==== Input for this task ====

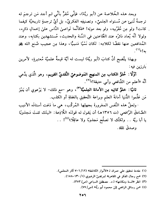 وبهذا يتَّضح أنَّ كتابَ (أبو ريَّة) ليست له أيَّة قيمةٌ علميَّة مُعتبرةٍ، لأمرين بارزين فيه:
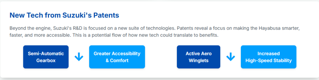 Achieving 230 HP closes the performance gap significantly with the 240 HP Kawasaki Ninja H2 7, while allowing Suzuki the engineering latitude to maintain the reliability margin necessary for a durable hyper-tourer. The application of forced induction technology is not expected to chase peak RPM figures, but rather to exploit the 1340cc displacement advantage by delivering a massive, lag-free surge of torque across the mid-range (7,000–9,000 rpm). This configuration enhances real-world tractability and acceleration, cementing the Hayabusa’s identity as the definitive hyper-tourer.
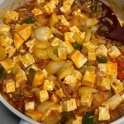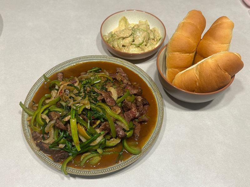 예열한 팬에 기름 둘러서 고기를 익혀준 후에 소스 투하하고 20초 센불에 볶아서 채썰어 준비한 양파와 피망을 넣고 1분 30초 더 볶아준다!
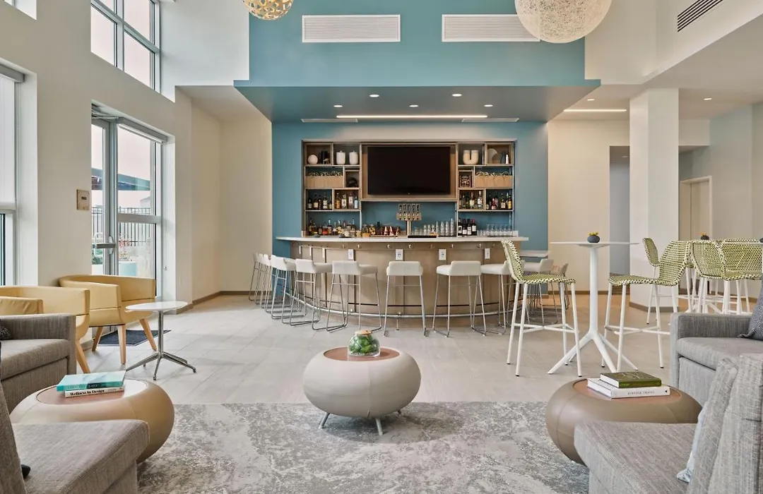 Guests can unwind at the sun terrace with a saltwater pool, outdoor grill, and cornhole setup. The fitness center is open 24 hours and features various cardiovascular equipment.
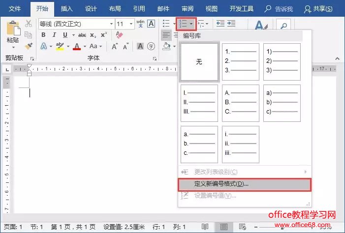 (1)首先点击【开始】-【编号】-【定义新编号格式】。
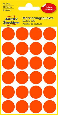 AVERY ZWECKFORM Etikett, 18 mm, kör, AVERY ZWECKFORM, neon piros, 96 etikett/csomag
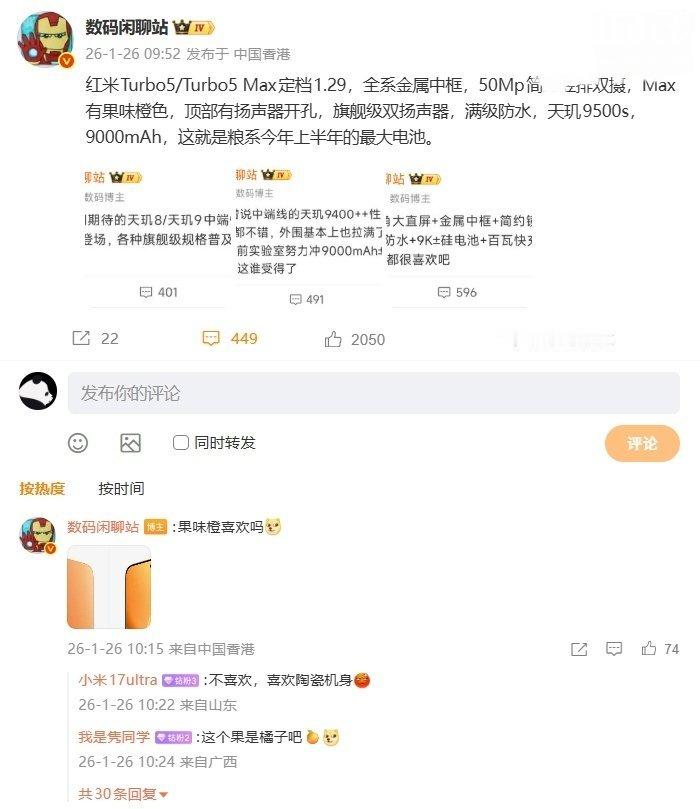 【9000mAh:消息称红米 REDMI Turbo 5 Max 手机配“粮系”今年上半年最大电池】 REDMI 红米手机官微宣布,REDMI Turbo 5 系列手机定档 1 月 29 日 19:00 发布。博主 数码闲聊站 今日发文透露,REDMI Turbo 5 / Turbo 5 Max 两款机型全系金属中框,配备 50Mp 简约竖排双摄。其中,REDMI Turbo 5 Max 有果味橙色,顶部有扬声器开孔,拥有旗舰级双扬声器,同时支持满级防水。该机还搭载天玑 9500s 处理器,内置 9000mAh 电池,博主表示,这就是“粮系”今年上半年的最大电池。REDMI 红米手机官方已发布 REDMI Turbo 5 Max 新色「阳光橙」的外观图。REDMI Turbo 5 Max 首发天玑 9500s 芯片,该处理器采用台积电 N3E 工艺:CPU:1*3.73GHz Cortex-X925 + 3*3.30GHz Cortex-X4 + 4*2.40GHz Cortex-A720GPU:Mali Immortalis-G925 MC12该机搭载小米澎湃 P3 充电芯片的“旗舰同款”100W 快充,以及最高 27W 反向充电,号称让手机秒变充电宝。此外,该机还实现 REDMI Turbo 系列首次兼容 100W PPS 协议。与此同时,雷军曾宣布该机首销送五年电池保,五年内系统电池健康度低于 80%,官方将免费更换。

====

Your task
An exact copy is needed of the entries above, starting at the line that holds "Achieving 230 HP" and stopping at the line that holds "(1)首先点击【开始】-【编号】-【定义新编号格式】。", both kept; pictures stay out.

Task output
 Achieving 230 HP closes the performance gap significantly with the 240 HP Kawasaki Ninja H2 7, while allowing Suzuki the engineering latitude to maintain the reliability margin necessary for a durable hyper-tourer. The application of forced induction technology is not expected to chase peak RPM figures, but rather to exploit the 1340cc displacement advantage by delivering a massive, lag-free surge of torque across the mid-range (7,000–9,000 rpm). This configuration enhances real-world tractability and acceleration, cementing the Hayabusa’s identity as the definitive hyper-tourer.
 예열한 팬에 기름 둘러서 고기를 익혀준 후에 소스 투하하고 20초 센불에 볶아서 채썰어 준비한 양파와 피망을 넣고 1분 30초 더 볶아준다!
 Guests can unwind at the sun terrace with a saltwater pool, outdoor grill, and cornhole setup. The fitness center is open 24 hours and features various cardiovascular equipment.
 (1)首先点击【开始】-【编号】-【定义新编号格式】。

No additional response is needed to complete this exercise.